Question

A huge number $\left( n \right)$ of identical beads, each of mass $m$ and radius $r$ are hung on a thin smooth rigid horizontal rod of length $L\left( L >> r \right)$ and are at rest at random positions. The rod is mounted between two rigid supports as shown in the figure. If one of the beads is now given a speed $v$, the average force experienced by each support after a long time will be (assume all collisions are elastic)

$\begin{align}
  & A.\dfrac{m{{v}^{2}}}{L-nr} \\
 & B.\dfrac{m{{v}^{2}}}{L-2nr} \\
 & C.\dfrac{m{{v}^{2}}}{2\left( L-nr \right)} \\
 & D.zero \\
\end{align}$

Answer 1

Hint: First of all find the total length of the string which will be available for the collision. And then calculate the average time required to complete the collision. Note that the collision is given as elastic. Consider the momentum of the bead also and find out the force experienced by each of the supports using the calculated parameters. By this we will get to the answer for this question.
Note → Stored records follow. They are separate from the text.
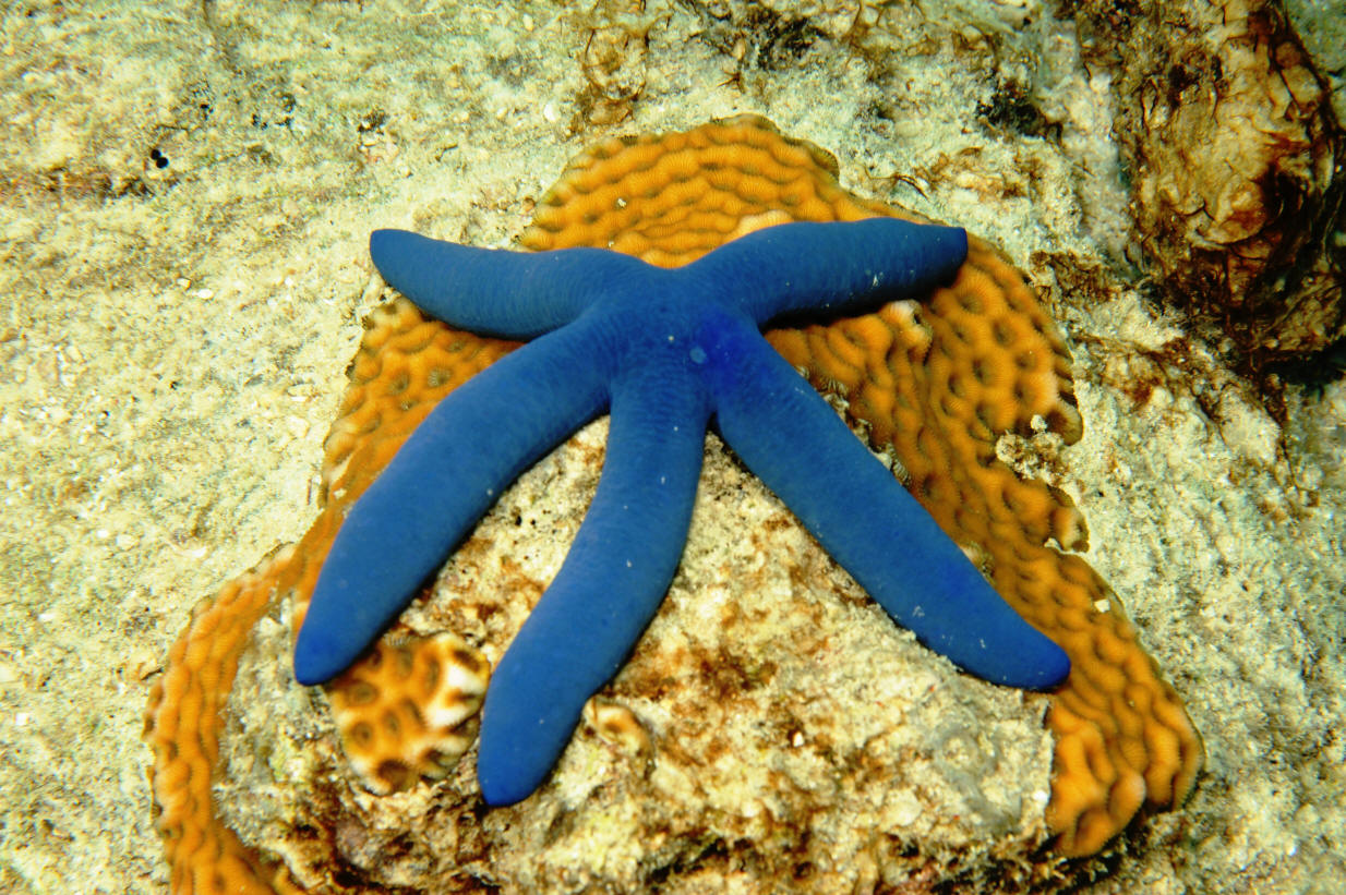 Linckia... Seastar. Blue one in Fiji. Also found in other colors,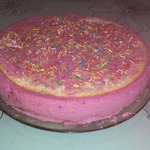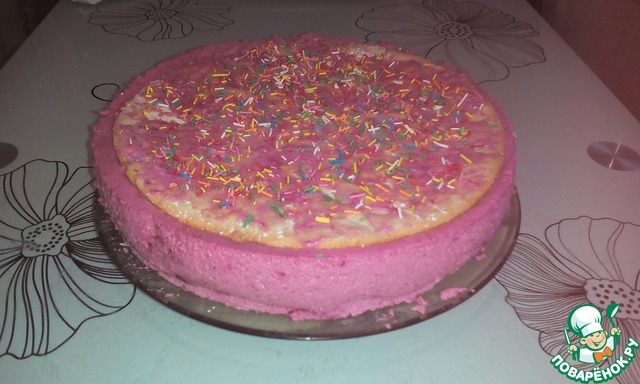 Сверху выкладываем второй корж. Даем в холодильник на 12 часов. Снять круг с торта, с помощью ножа. Вот такая красота получилась! |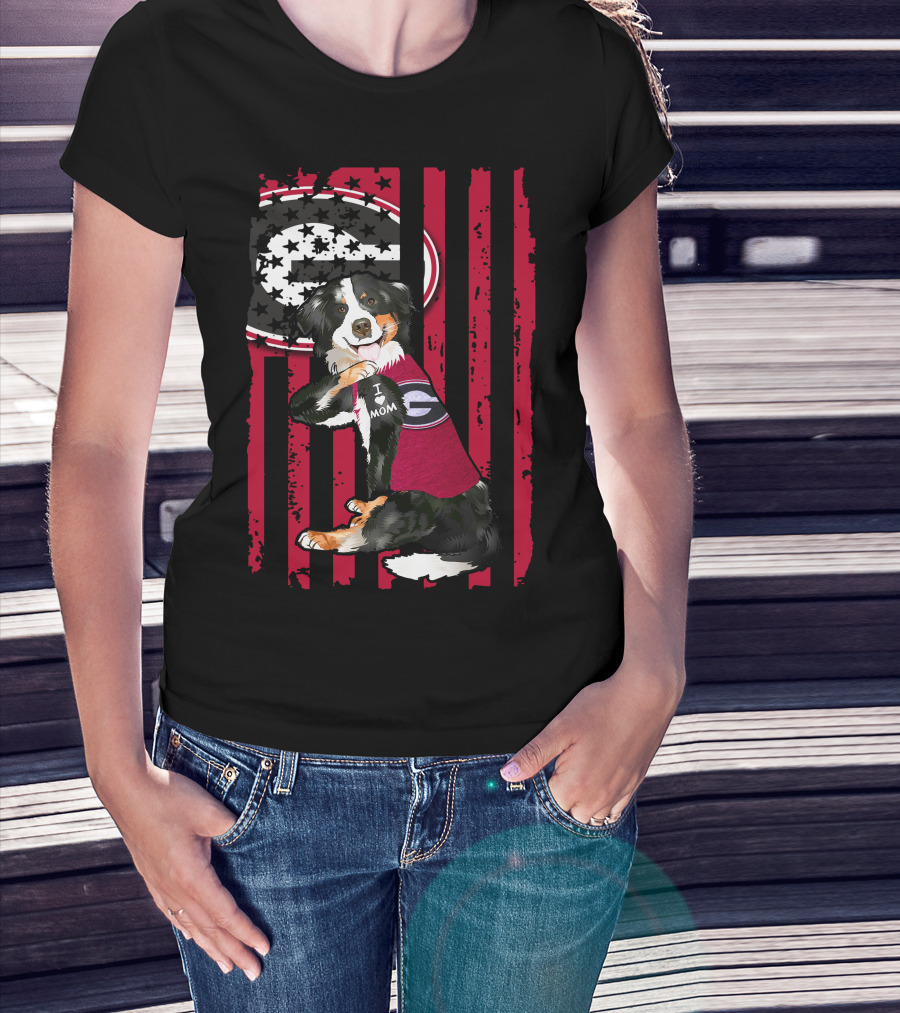 Border Collie I Mom Georgia Bulldogs Stripes T-Shirt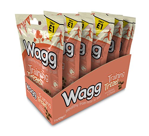 Wagg Training Treats with Chicken & Cheese are the ideal training aid for all dogs. Small bone shapes are great for a tasty reward and perfect for puppy training. With no added sugar, no artificial colours or flavours and oven baked for a great taste.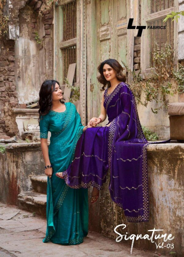lt fashion signature vol 3 series 301 to 306 malai silk new design saree in wholesale surat Buy New Latest Catalogue 2025 lt fashion signature vol 3 series 301 to 306 malai silk new design saree in wholesale surat. Available in Singles and Bulk at Rehmat Boutique. Buy at Wholesale price at very reasonable rate. Specification :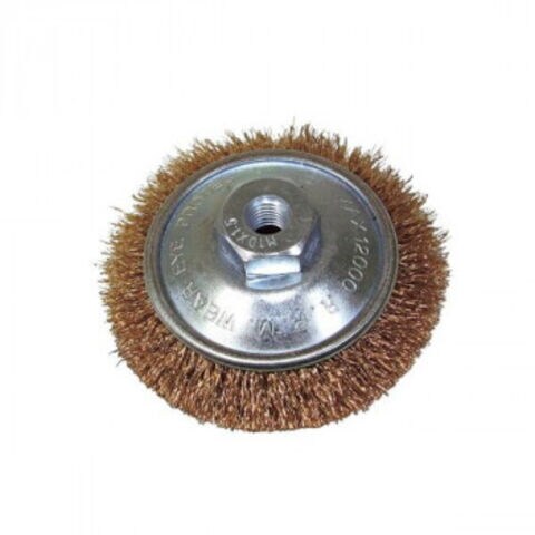 | 仕様 | 外径:85mm ねじ径:M10mm 金具径:60mm 線材:鋼線メッキ 線径:0.2mm 毛丈:12mm 最高使用回転数(min-1):12000 |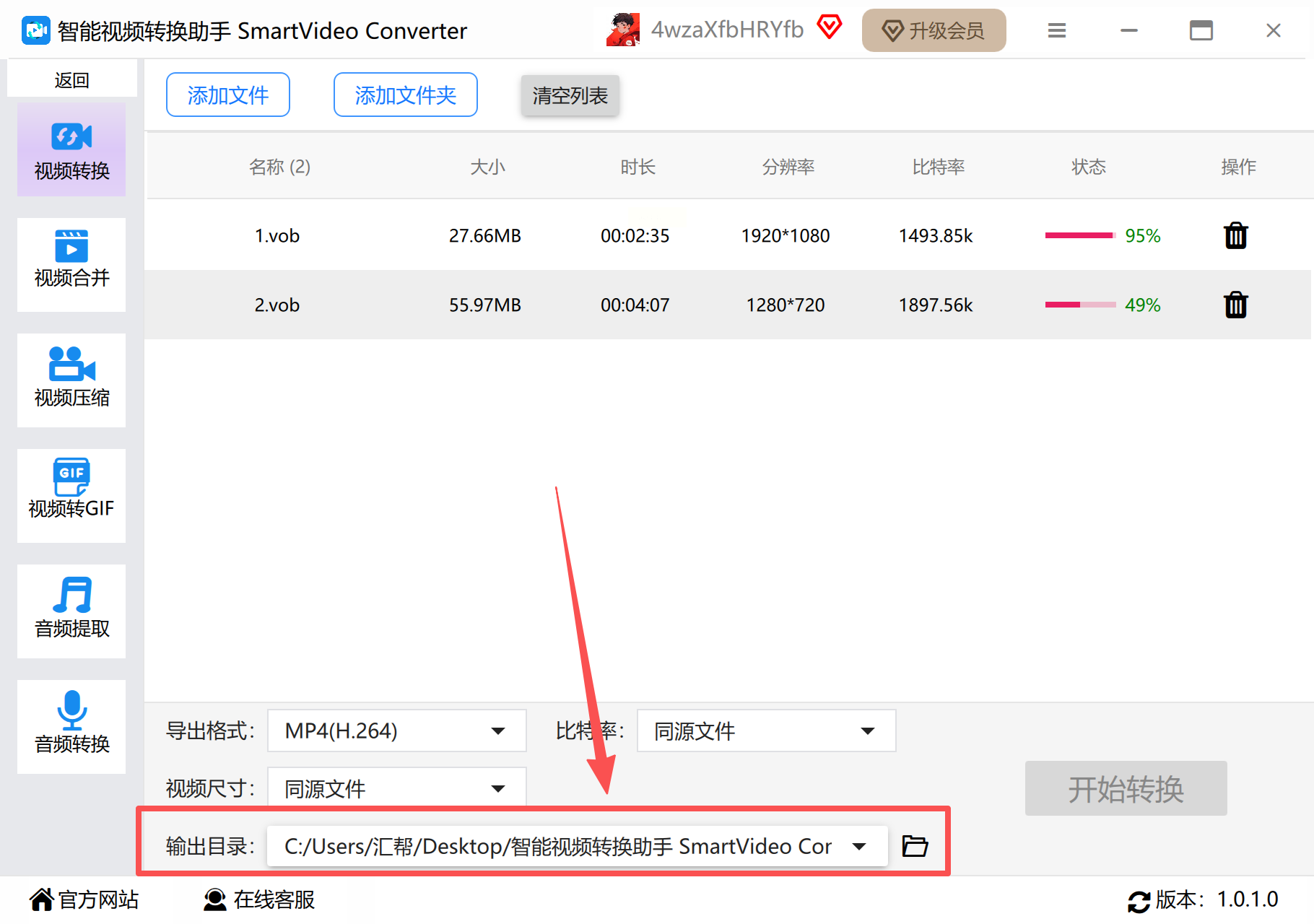 步骤四: 设置好文件的输出保存位置,最后点击“开始转换”或“立即转换”按钮,等待任务完成即可。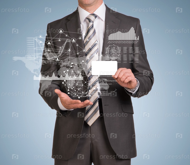 Бизнесмен держит визитку, и графики
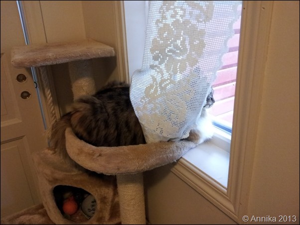 Slik likar ho å ligge å sjå ut, og gardinene ser ut der etter. Men når vi har katt, må dei få lov til litt…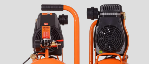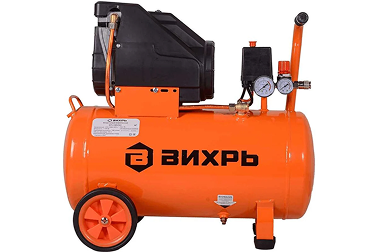 - Тяговая рукоять и колеса Позволяют перемещать компрессор по рабочей зоне
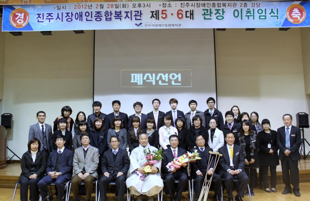 진주시장애인종합복지관에서는 28일 오후 3시 최구식ㆍ김재경 국회의원을 비롯한 김두행 시의회의장 및 도·시의원, 사회복지 관련기관 관계자, 자원봉사자, 장애인 등 200여명이 참석한 가운데 제5ㆍ6대 관장 이ㆍ취임식을 가졌다.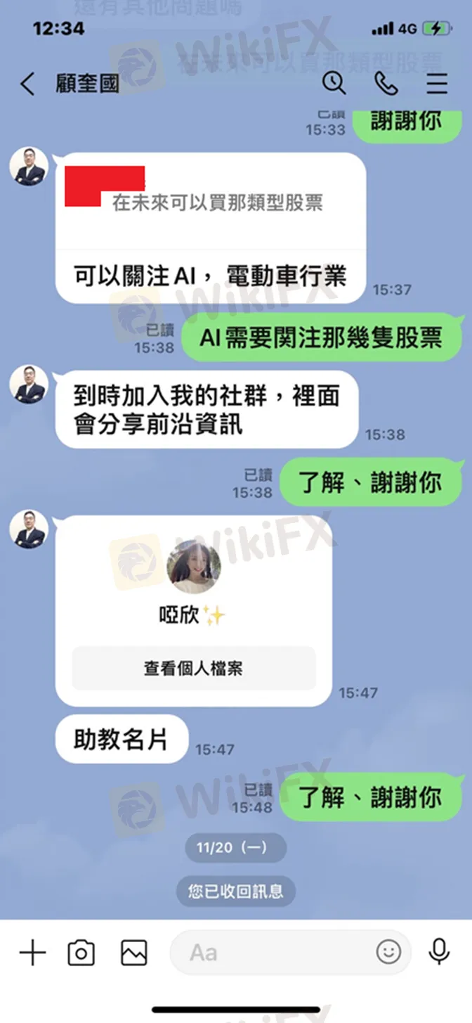 一開始,受害者是在網路上被一個投資廣告吸引,因此與一位叫「顧奎國」的老師聯繫上,並且得到了一些行情資訊,之後又在對方的介紹下加了助理「啞欣」的LINE,還進入「ㄥ縱橫江湖」這個群組。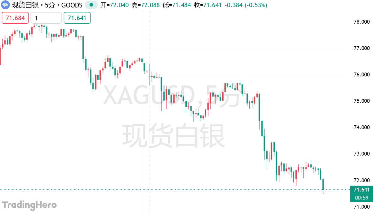 现货白银周二曾大幅反弹收复周一的大部分跌幅,但周三再度上演跳水行情,最低跌破 72 美元关口,截至发稿报 71.58 美元/盎司,日内跌幅超 6%。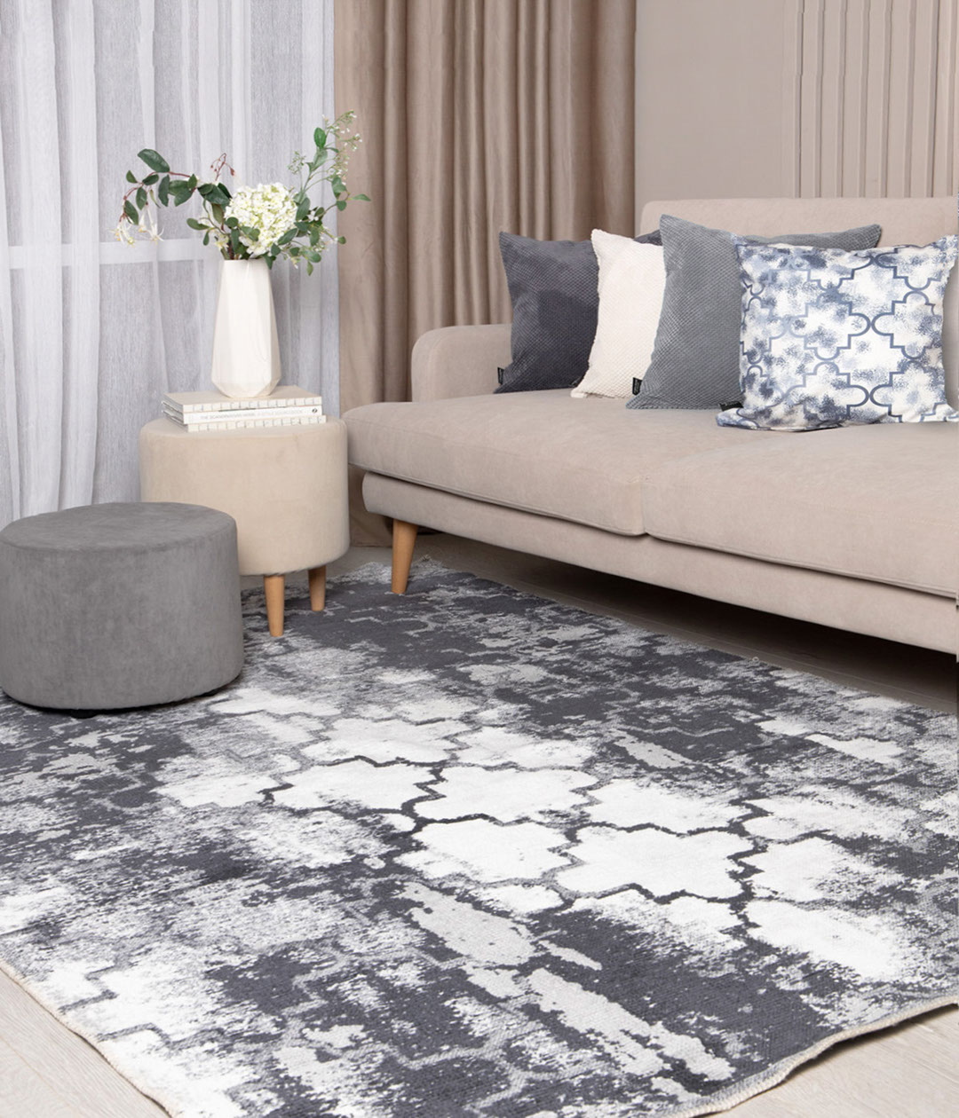 Стильный и современный ковер DUAL MONE создаст ощущение цельности и завершенности как в классических, так и современных интерьерах. Необычная расцветка и плотная, но мягкая фактура делают его выразительным дополнением любой комнаты.

Complete step-by-step answer:
As we know the total length of the string which is available for collision to take place is given as,
$L-nr$
Let us assume that the collision between beads is elastic and each bead comes to rest after collision and the collided beads will move with a velocity $v$.
Therefore the average time taken for collision will be,
${{t}_{avg}}=\dfrac{L-2nr}{v}$
A bead will collide with all other beads before it comes back to the initial state, both in velocity and position, from where it began.
The collision with the support will provide a momentum to the support.
$P=mv$
Therefore the average force felt by the support can be written as,
$F=\dfrac{\Delta P}{\Delta t}$
Substituting the values in it,
$F=\dfrac{mv}{{{t}_{avg}}}$
This can be written as,
$F=\dfrac{mv}{\dfrac{L-2nr}{v}}=\dfrac{m{{v}^{2}}}{L-2nr}$

So, the correct answer is “Option B”.

Note: An elastic collision is given as a collision in which there is no resultant loss in kinetic energy in the system because of the collision. In this collision, both momentum and kinetic energy are conserved quantities. Perfectly elastic collisions are an ideal case.